Campling calls for ‘intelligent kindness’. She points out that healthcare is an emotionally stressful environment; workers face situations in which they can feel hopeless and helpless, and will protect themselves in all manner of ways. They deserve our understanding if these coping mechanisms reveal vulnerability and insecurity. Financial services aren’t alone in developing cultures of fear and paranoia. Biscuit companies and beauty magazines are just as likely to evolve into toxic workplaces.

Beyond these individual challenges, we can add organisational dysfunction, poor communication and unclear boundaries. Excessive accountability dehumanises the workplace, desensitising workers to the needs of colleagues and customers. Campling suggests that the cumulative effect of these forces erodes compassion or kindness at an organisation-wide level; when people are left to fend for themselves in challenging situations, or feel threatened by a culture of regulation and performance management,  our instinct towards self-protection takes over.

Campling’s antidote is ‘intelligent kindness’ – an approach to problem solving that develops a virtuous circle of closer and more compassionate relationships at an individual, team and organisational level. The virtuous circle begins with the simple idea that people working in a system should be driven primarily by a sense of kinship. In other words, healthcare workers should see the person in the patient and seek to deliver the sort of care they would wish for family and friends.

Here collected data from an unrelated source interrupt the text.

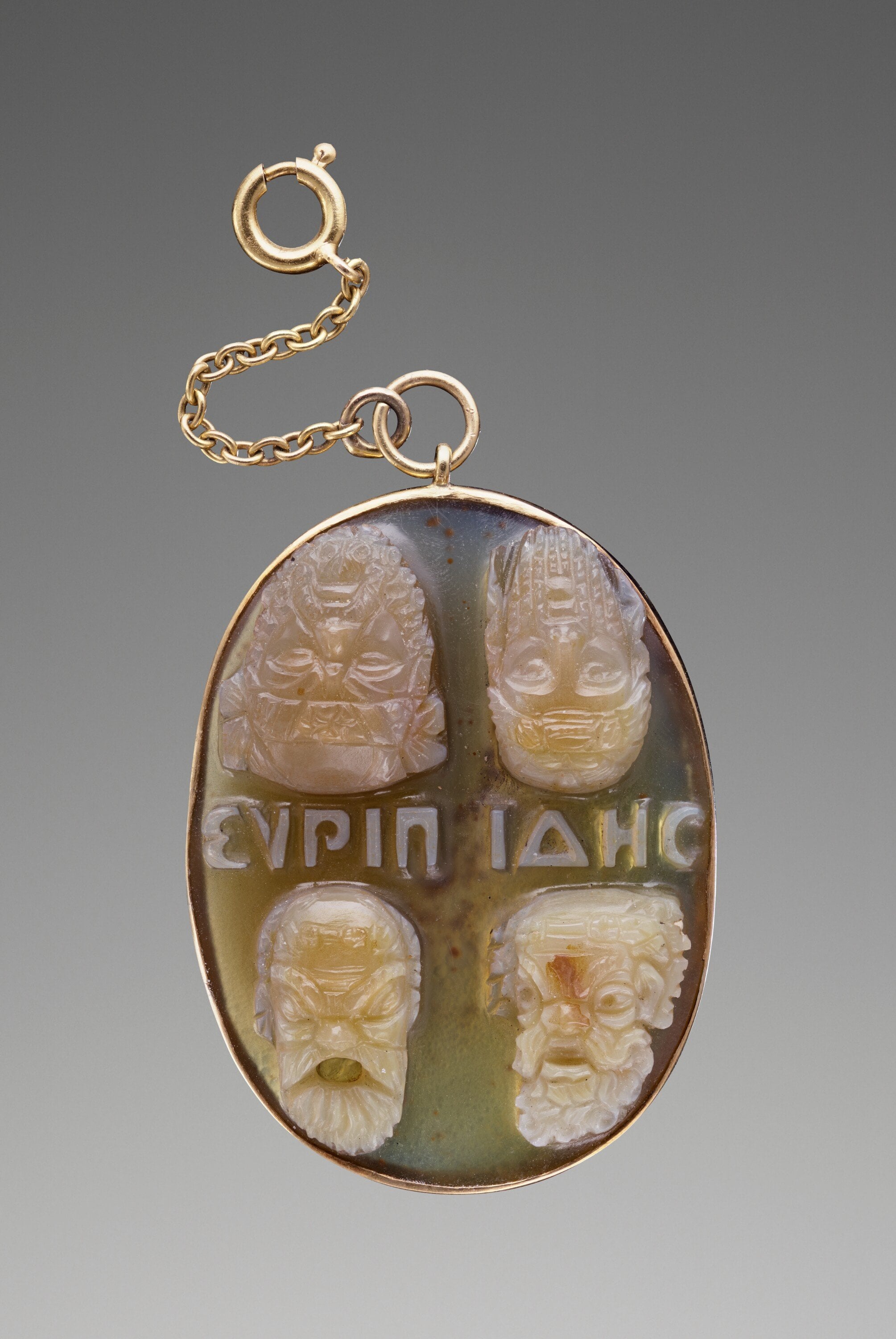 >Carved on this cameo are two pairs of theatrical masks separated by a Greek inscription that reads: “Euripides,” the name of the Athenian playwright. One pair of masks depicts the faces of two satyrs… the other two masks are human faces.
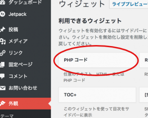 - 外観→ウィジェットから「PHP コード」が追加されていることを確認
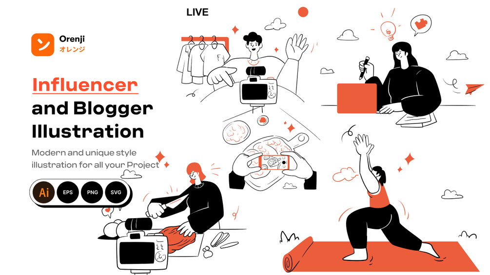 Influencer and blogger illustration pack
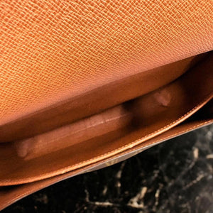 This Louis Vuitton shoulder bag features the classic monogram canvas with natural leather trim and an adjustable shoulder strap. It offers a timeless design suitable for everyday use or special occasions.
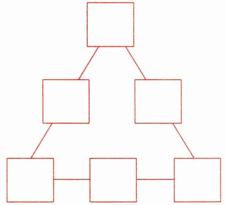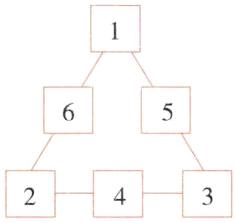 4 将1~6这6个数分别填入下图的$□$里,使每条线上3个数相加的和都等于9。
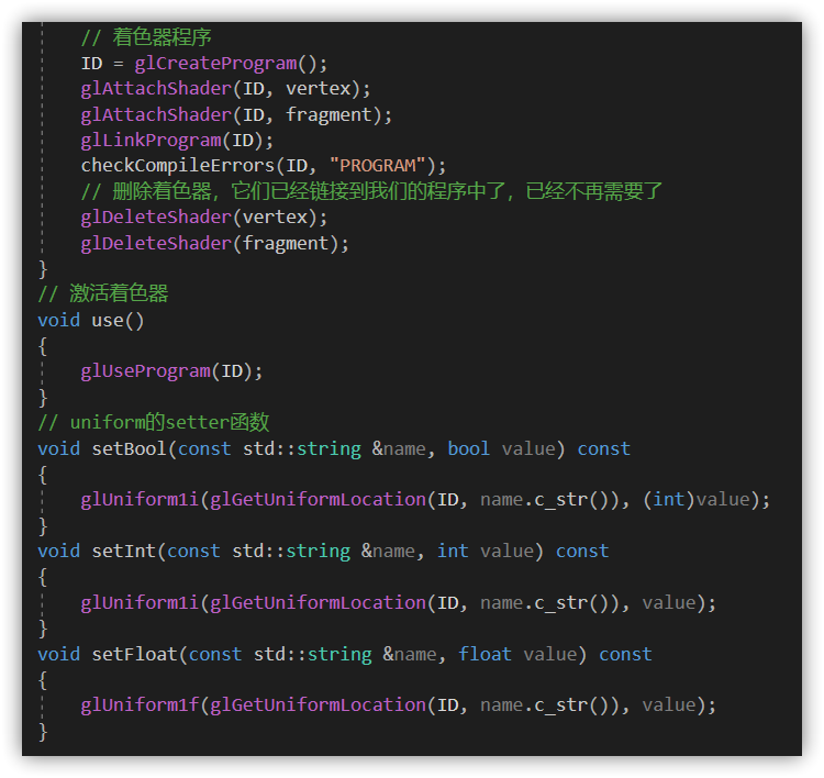但是我们在Shader类里已经写好了这些东西,和几个Set的函数
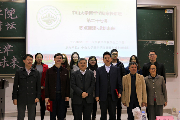 3月16日,由我系承办的中山大学新华学院家长讲坛第二十七讲“职点迷津,规划未来”在广州校区D102举行。本次讲坛邀请到了增城区城乡规划与测绘地理信息研究院院长曹凯滨先生,以及广州名阳建筑设计有限公司副总经理、总工程师李学进先生来我校与师生分享交流。我校王庭槐校长、学生工作部林秋贵部长、学生工作部殷丹副部长、我系陈俊合主任、李玲副主任及多位师生出席了本次活动。
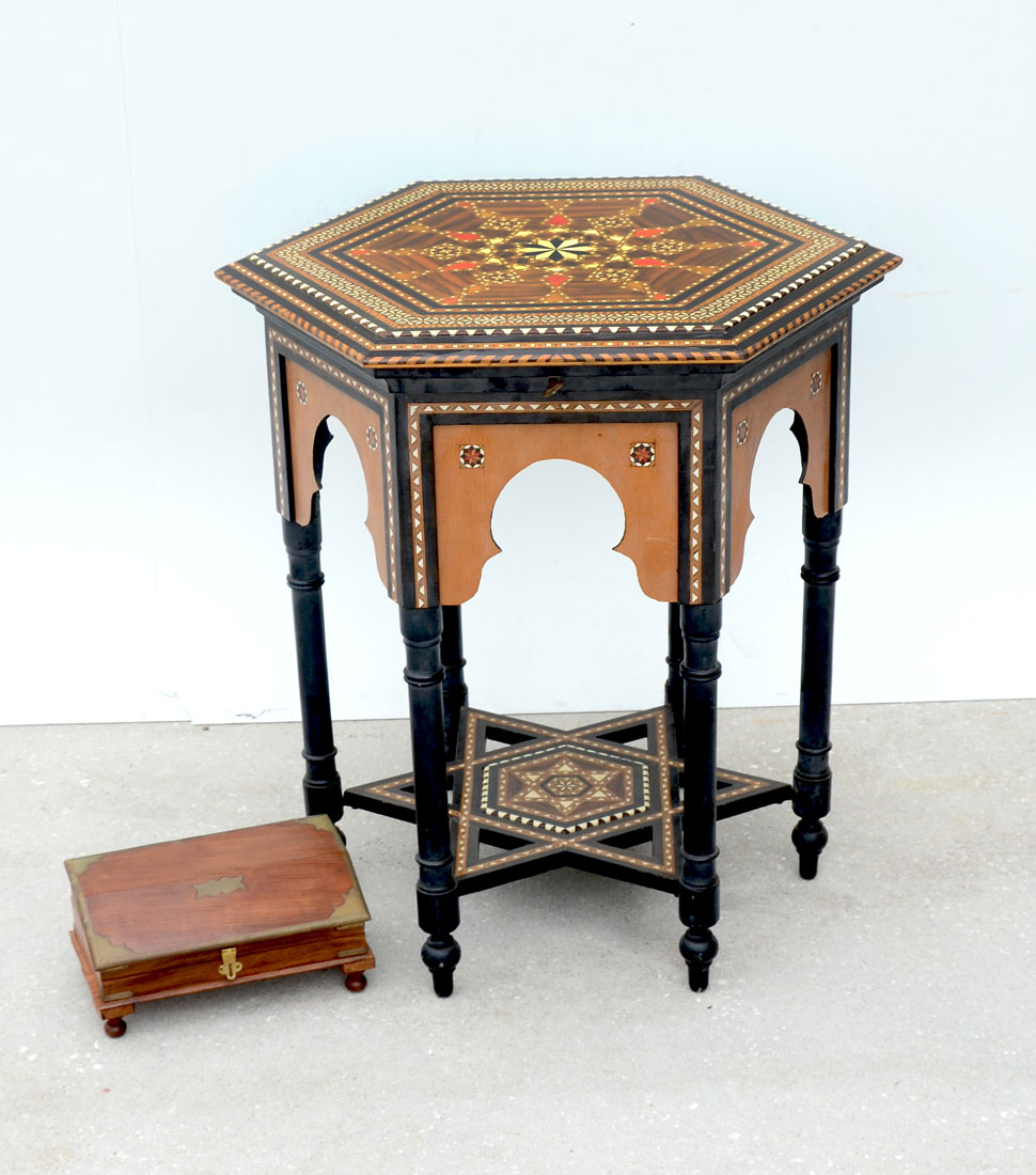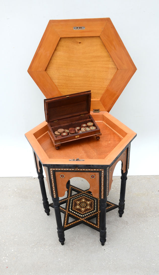MOORISH INLAID LIFT TOP SIDE TABLE: Profusely inlaid with bone and fruitwood Moorish parquetry design, 6 sided hinged lift top lifts to open inlaid, inlaid star stretcher, turned legs, overall 27'' h. x 22 1/2''. Sold with a small hinged lid box with inlaid game pieces.
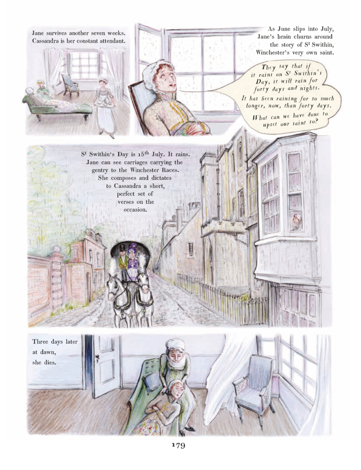 圣斯威辛节是7月15日。这天下了雨。简看到马车载着绅士们前往温彻斯特赛马会。她为此创作了一首简短而完美的诗,口述给卡桑德拉。
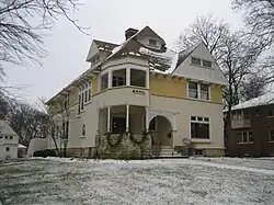 The Wally Thurow House is a 1917 American Foursquare with a brick exterior and oak interiors. The Four Square style was a reaction to the complexity and excess found in Victorian and Revival style homes that were popular in the later half of the 19th century. Incorporating elements of the Prairie School, pioneered by Frank Lloyd Wright, and American Craftsman styles the two-and-a-half-story house exhibits the classic boxy shape, a mostly hipped roof, and a central dormer. The front facade is dominated by a brick porch supported by two large pillars.[16]

The same notion applies to the corporate world; ‘customer’ or ‘consumer’ are dehumanising terms that encourage a sense of ‘us’ and ‘them’. CMOs and marketers are the most likely of all professionals to fall into this trap, referring to ‘consumers’ and defining people by their degree of brand loyalty or their purchase frequency. How often are we happy to substitute the messy reality of a person for the comforting caricature of a customer persona?

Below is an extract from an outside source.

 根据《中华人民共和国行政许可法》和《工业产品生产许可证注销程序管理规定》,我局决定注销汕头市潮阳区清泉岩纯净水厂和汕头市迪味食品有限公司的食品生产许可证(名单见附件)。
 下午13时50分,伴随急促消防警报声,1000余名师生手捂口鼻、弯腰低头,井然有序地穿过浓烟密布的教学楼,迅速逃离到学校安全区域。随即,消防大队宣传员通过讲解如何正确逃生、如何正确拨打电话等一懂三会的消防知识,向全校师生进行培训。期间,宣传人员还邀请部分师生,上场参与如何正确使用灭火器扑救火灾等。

An important aspect of intelligent kindness was discussed last year by Elizabeth Arzadon, the organisational psychologist commissioned by Asic to report on boardroom behaviours. Her insight is that while everybody agrees culture is important, leaders often avoid dealing with it because they lack confidence in their ability to change it. She prefers to cultivate an attitude of health and prevention on the part of leadership. Her suggestion is similar to Campling’s: blaming leaders for poor culture will only make them defensive and inert; a more intelligent approach is to manage cultural risk. This means accepting that this risk is inherent in all businesses and all business strategies but that it can be managed. In her own words, “Acquisitions, geographical expansion, management turnover, or cost imperatives can all increase the likelihood of cultural issues arising. That isn’t the fault of leaders, it’s simply an outcome of situational variables.”

Whether we’re talking about a consumer, a customer, a chairman or a CEO, the more we focus on the person, the more likely we are to build a relationship of mutual trust and respect – and ultimately to deliver a more satisfying outcome for all. Beyond being more empathetic, an organisation that practises intelligent kindness will be more efficient: improved communication and collaboration will deliver productivity benefits, as well as a culture where issues can be more clearly identified, more openly discussed and positively resolved.